Yeah, tell me about it. I was the one who got the disappointing news and posted it. Apparently a screw up by the Administrative Assistant in the Office of Human Resources, who sent email(s) to the wrong person(s). And I was really staking my self-worth on that--it being my only other interview.

I got drunk last night.

will philosophize for food said...

"This suggests to me that they might actually have sent these short list messages out to a pretty large group, if she was tied up on the phone all day explaining it to them."

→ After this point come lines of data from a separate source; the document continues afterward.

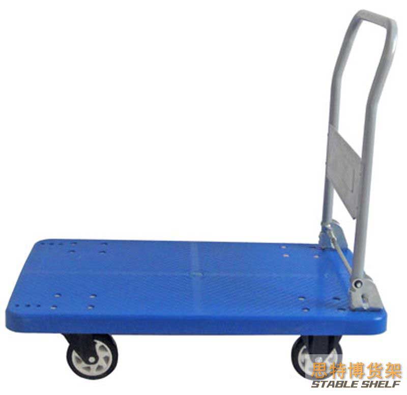 適于搬運(yùn)重量輕而便于裝卸的物品;有的車體伸出托架,便于安放桿、軸和管子等零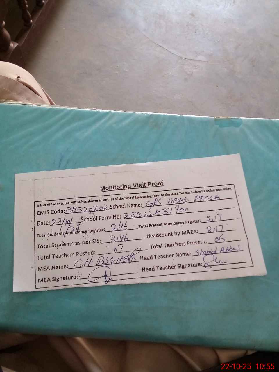 | EMIS Code: 38320202 | Name of School: GPS HEAD PACCA | |||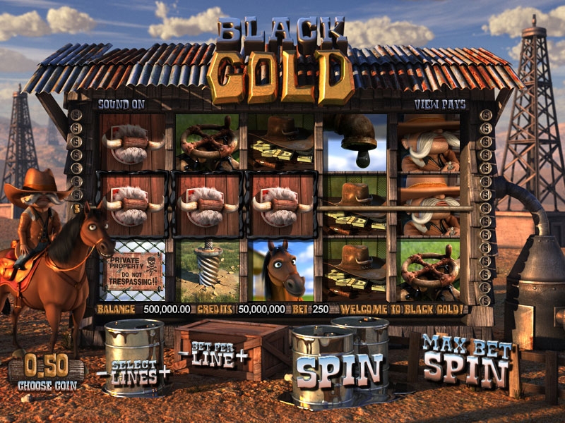 Вместе с игровым автоматом под названием «Черное золото» вы отправитесь на Дикий Запад тех времен, когда нефтяная лихорадка охватила всю Америку. Подбадривать игрока во время неудач, радоваться его победам, давать ценные советы будет настоящий ковбой из Техаса с длинными усами и в черной шляпе.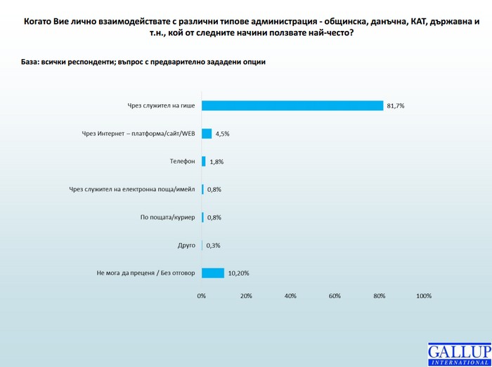 80% от българите все още предпочитат да контактуват "на гише" с различните администрации, дори когато има опции за електронни услуги.
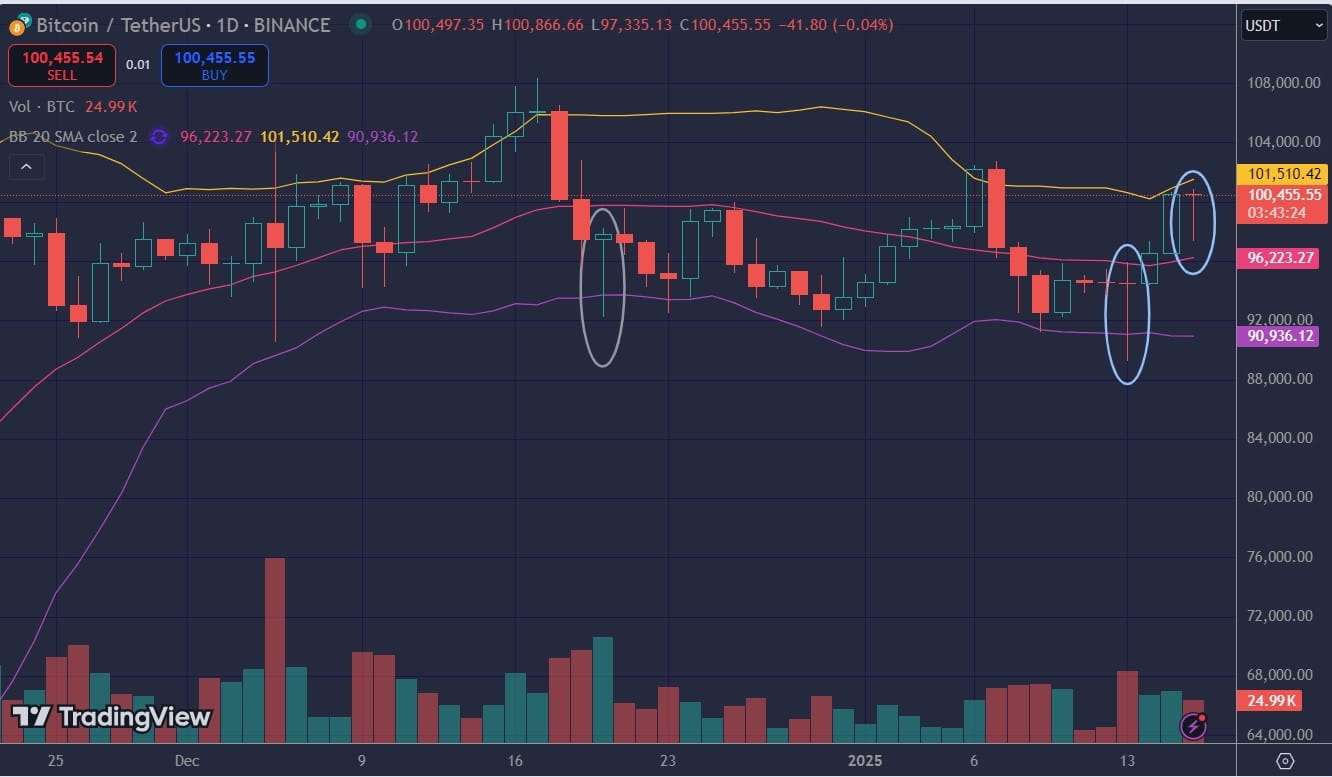 Oggi BTC ha formato un doji a libellula sul timeframe giornaliero come ha fatto il 13 gennaio e il 20 dicembre. C'è stata una mossa impulsiva potente il 14, ma il 21 il prezzo è sceso abbastanza rapidamente.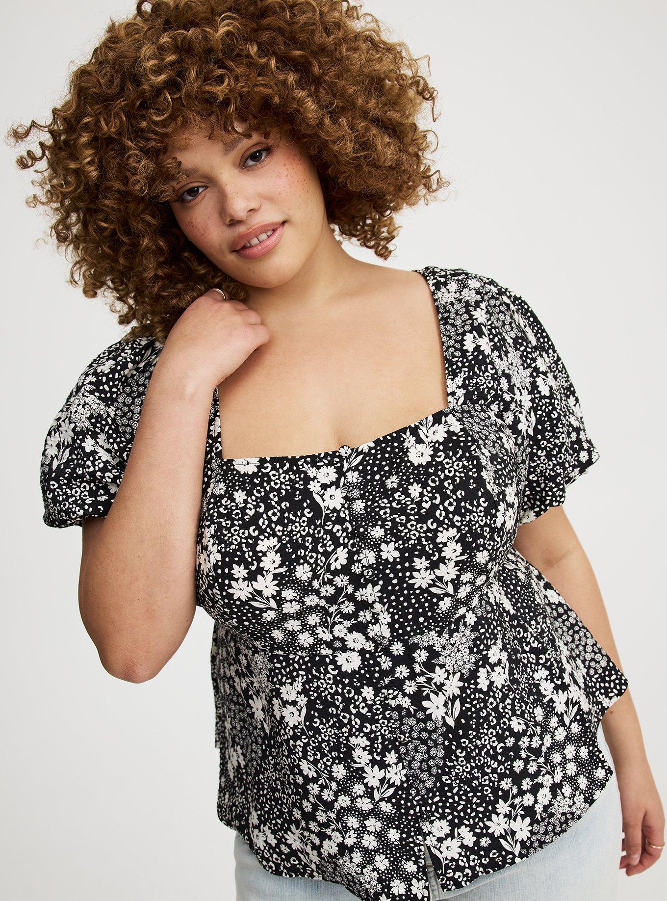 FIT Peplum silhouette. Measures 28"" inseam (size 2). MATERIALS + CARE Rayon/nylon blend fabric. 84% rayon, 16% nylon. Machine wash cold. Line dry. Imported. DETAILS Square neckline. Short sleeves. Button front. Smocked back.

In a kinda sick way, this almost makes me feel better. The Director of HR kinda rushed me off the phone. I thought, at the time, that this might have been a passive-aggressive way of rejecting me. Let's get those who were contacted about this screw up to post dittos on the wiki--I'd like to see the scope of this outrageous error.

Anonymous said...

I finally got through to the human resources director at Mount Ida. They had two lists, an A-list and a B-list. The A-list gets phone interviews. the move to the B-list if the people on the A-list don't work out. The B-list was accidentally sent emails indicating they were on the short list and were getting phone interviews. These people are on the long short list but will not get phone interviews unless they exhaust the A-list from being turned down or not liking the candidates. I didn't get any indication of how many people were involved here, but maybe someone else who has yet to get through will feel courageous enough to ask that.

will philosophize for food said...

Anon 12:37:

Thanks for the update. I had assumed that they had contacted all of the people that applied whom were not on the short-list--in effect giving everyone who applied save a handful false hope. It may only extend to less than a dozen candidates if what you say is true.

Wouldn't be a hoot if all the A-list candidates didn't work out--in effect they'd be stuck contacting people saying: I know we contacted you denying the initial contact, but now you actually are going to get an interview!

BornInTheSixties said...

Just a late note on the subject of whether your job talk can be the same as your writing sample, I'd like to second Tenured Philosophy Girl's advice that this is a very bad idea and has a real danger of making you look like a one-trick pony.

That said, most of the audience at the job talk may not be on the SC, and so will not have read the writing sample, so it can work as a talk provided that you've got lots else to make sure that the "one trick pony" question doesn't become a real concern. A candidate with a number of different publications and/or conference presentations can get away with overlap here in the way that, say, and ABD with great letters but an otherwise blank CV can't.